§ **Dataset extract**:
────────────────────

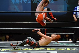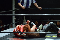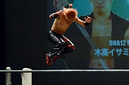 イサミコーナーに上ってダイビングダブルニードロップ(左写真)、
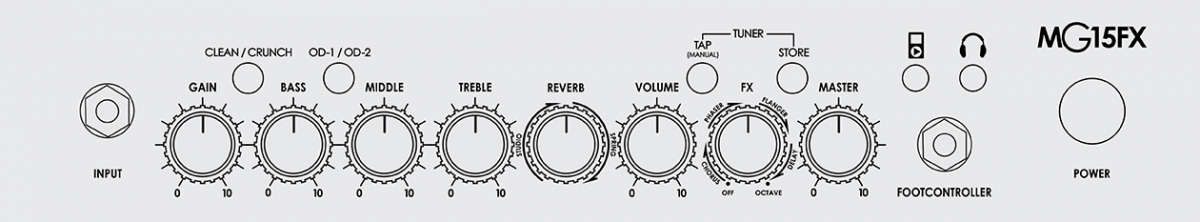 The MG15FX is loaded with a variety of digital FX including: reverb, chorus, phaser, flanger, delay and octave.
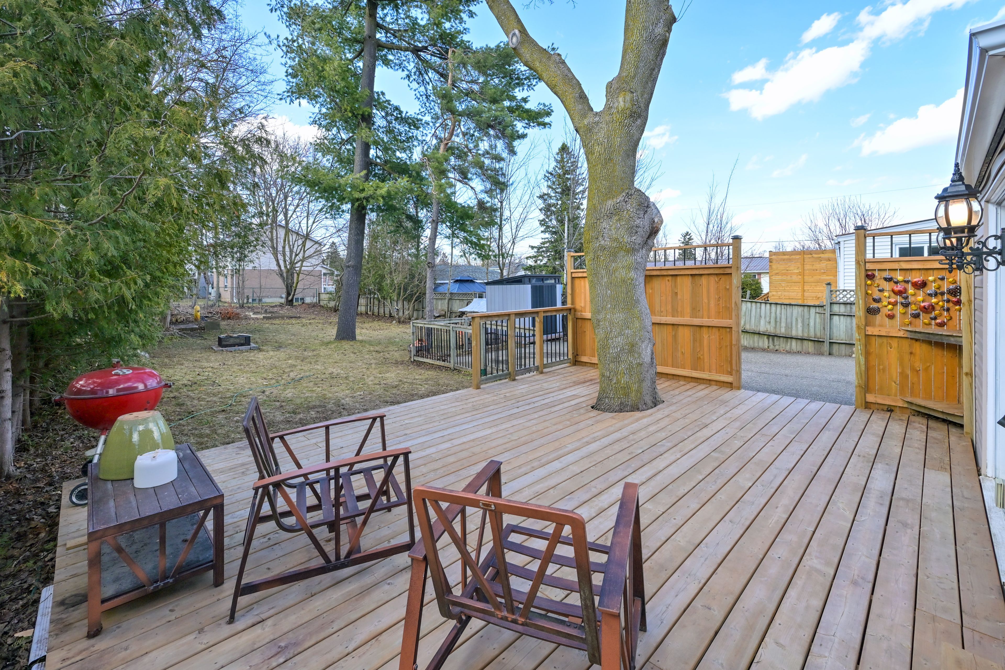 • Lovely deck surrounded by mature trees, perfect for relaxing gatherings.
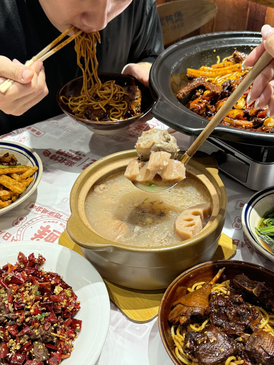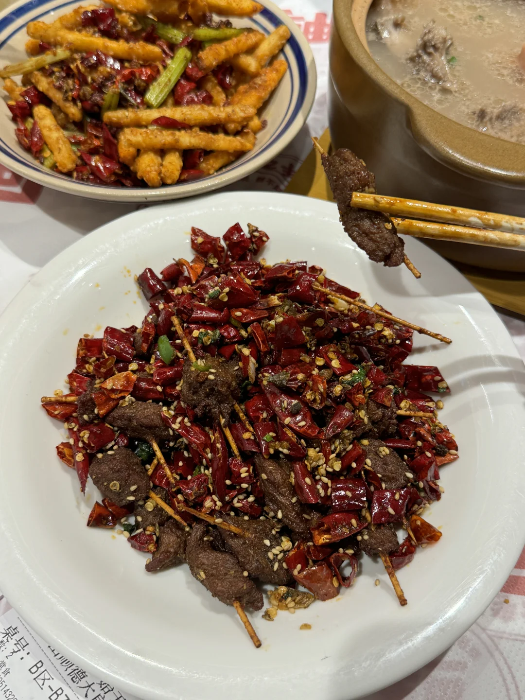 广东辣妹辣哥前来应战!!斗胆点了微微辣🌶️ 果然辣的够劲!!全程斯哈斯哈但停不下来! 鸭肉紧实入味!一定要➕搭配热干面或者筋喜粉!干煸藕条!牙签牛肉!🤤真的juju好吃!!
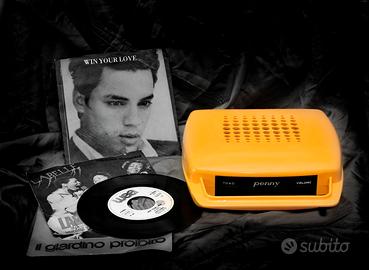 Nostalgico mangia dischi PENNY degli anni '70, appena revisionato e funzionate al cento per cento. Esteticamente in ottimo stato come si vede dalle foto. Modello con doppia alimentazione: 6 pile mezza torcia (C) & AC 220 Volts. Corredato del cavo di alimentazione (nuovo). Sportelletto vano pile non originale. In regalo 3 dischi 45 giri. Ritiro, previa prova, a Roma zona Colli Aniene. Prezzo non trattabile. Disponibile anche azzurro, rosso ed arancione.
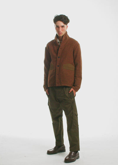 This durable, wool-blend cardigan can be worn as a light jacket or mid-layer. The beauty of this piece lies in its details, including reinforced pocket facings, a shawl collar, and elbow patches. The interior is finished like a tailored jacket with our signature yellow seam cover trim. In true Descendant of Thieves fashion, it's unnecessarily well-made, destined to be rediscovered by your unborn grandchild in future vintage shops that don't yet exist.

────────────────────

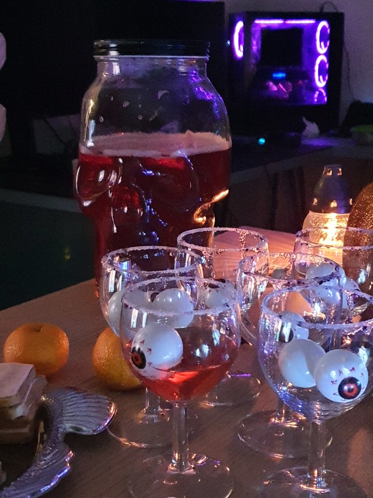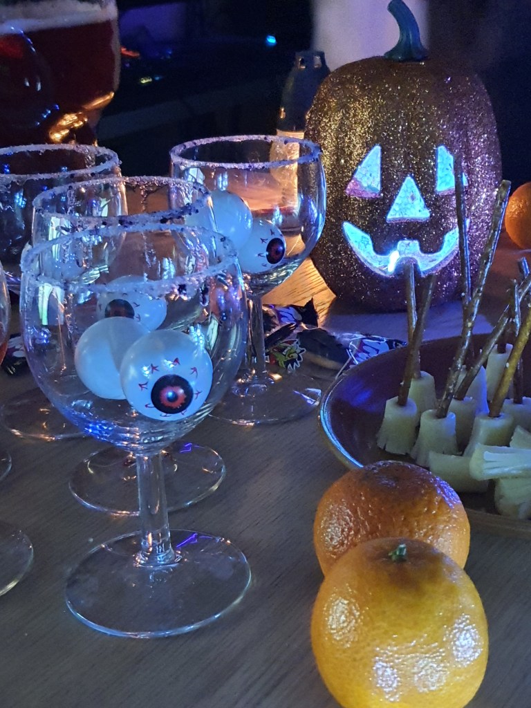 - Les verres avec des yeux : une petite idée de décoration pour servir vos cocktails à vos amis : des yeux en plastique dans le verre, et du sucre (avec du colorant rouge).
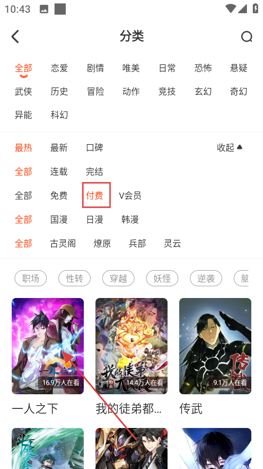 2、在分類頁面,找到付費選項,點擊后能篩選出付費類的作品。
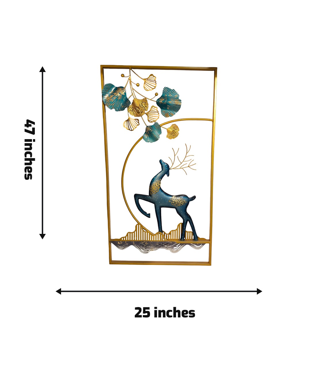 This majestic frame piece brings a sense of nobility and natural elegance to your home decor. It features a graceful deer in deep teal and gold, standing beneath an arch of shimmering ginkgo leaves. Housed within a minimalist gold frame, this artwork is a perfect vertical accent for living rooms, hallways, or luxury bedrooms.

────────────────────

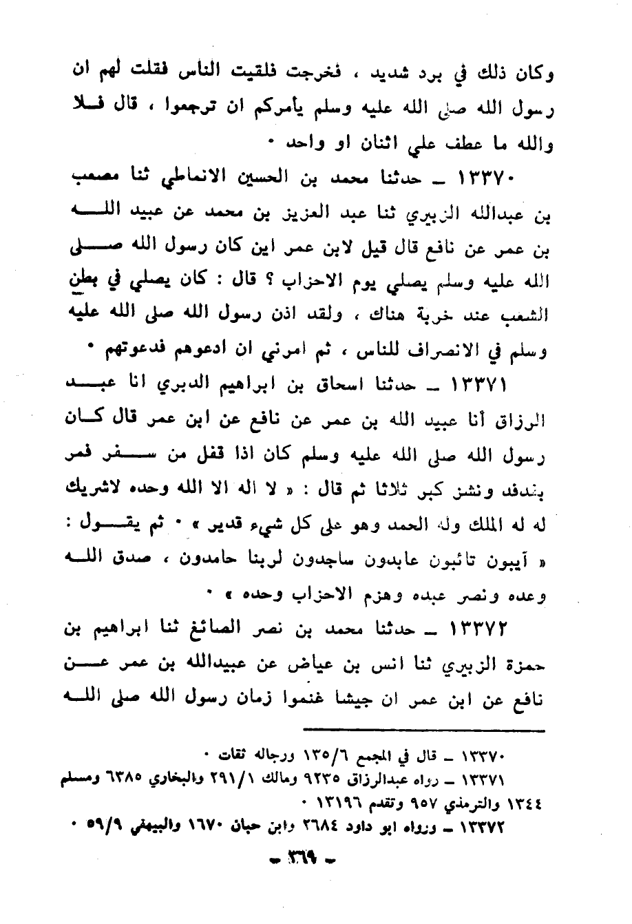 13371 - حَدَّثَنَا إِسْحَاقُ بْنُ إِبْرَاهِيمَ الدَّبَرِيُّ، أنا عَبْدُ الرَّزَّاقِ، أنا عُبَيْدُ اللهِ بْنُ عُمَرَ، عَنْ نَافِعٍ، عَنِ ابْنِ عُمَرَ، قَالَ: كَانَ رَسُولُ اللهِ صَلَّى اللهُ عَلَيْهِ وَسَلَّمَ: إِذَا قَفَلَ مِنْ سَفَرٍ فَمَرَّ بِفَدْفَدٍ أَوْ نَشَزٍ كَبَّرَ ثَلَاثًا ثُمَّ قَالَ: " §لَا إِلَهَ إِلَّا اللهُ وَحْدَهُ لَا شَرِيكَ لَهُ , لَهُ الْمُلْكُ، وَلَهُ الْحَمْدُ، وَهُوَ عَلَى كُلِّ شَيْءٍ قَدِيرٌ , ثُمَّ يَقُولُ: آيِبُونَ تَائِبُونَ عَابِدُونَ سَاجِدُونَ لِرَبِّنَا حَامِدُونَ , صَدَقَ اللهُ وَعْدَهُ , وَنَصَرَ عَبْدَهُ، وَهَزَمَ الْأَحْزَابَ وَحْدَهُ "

────────────────────

§ **Exercise goal**:
Copy everything above from the line holding "- Les verres" down to the line holding "This majestic frame", both ends included, exactly as it stands and without the pictures.

§ **Response to the task**:
 - Les verres avec des yeux : une petite idée de décoration pour servir vos cocktails à vos amis : des yeux en plastique dans le verre, et du sucre (avec du colorant rouge).
 2、在分類頁面,找到付費選項,點擊后能篩選出付費類的作品。
 This majestic frame piece brings a sense of nobility and natural elegance to your home decor. It features a graceful deer in deep teal and gold, standing beneath an arch of shimmering ginkgo leaves. Housed within a minimalist gold frame, this artwork is a perfect vertical accent for living rooms, hallways, or luxury bedrooms.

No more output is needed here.